I'm not trying to judge you harshly. I'm trying to understand.

In your first post in this thread, "high tier" NixOS users were called condescending sadists. This is a libel as far as I can tell based on my own experience.

Then was a list of disliked phrases, and second to last in that list was the instruction to read the manual. I believe in reading manuals, as difficult and time-consuming as the effort may be. This made me think expectations for using the project were wrong.

Now you're linking to a repo you made to attempt to give new users a guide to getting started.

You clearly made an effort to be part of the solution. This is admirable.

I'm trying to connect dots here - what I think happened was, in the course of trying to get help filling in the blanks, you probably exhausted the patience of others trying to help you.

I question if what you've been trying to do works at this point in the project's lifecycle. What you're trying to do is hard enough in a completely mature project. In an environment where we acknowledge the incompleteness of documentation, new command line APIs that are evolving, and new ways of doing things (I'm currently thinking of containers after looking at your guide, and flakes as well), communicating a true North is extremely difficult especially if you aren't one of the core developers immersed in the current state of change.

I don't think the project is mature enough to declare a "right way" to do all the things. I don't think we have enough mature users to support filling in all the blanks, yet, either.

I'm sorry you've had the experience you've had. Maybe after taking a break, you can resume your efforts, but with tempered expectations. We're all asking a lot of people who volunteer their time to build what should be acknowledged as a strategically important approach to computing.

We need more experts. The experts we do have are over-worked and under-appreciated. Perhaps you can help us there one day too.

Yes what you say absolutely all makes sense. My main gripe is that of culture, not substance.

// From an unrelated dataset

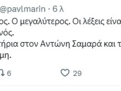 Από την πλευρά του, ο κυβερνητικός εκπρόσωπος, Παύλος Μαρινάκης έγραψε: «Αβάσταχτος ο πόνος. Ο μεγαλύτερος. Οι λέξεις είναι φτωχές μπροστά σε ένα τόσο τραγικό γεγονός. Ειλικρινή συλλυπητήρια στον Αντώνη Σαμαρά και την οικογένειά του. Κουράγιο και δύναμη».

It's understood and well communicated that the project is not mature enough to be an easy experience for a new user, and that's perfectly fair. But unfortunately, there's a degree of gatekeeperism going on in this community that is making the environment toxic for newcomers.

I've only seen it a few times before, but in every case, the longtimers seem unable to see it, and dismiss complaints by newcomers out of hand. Of course it's to be expected that a certain cohort of newcomers will be toxic and entitled, in which case one would absolutely be justified in dismissing them.

But that is not the case here, especially judging from the sheer number of upvotes my comments on this matter have received, and the number of blog posts in the wild about this very topic.

This is not a problem of maturity, but one of culture. And this is what exhausted me and made me give up on my attempt to make things better.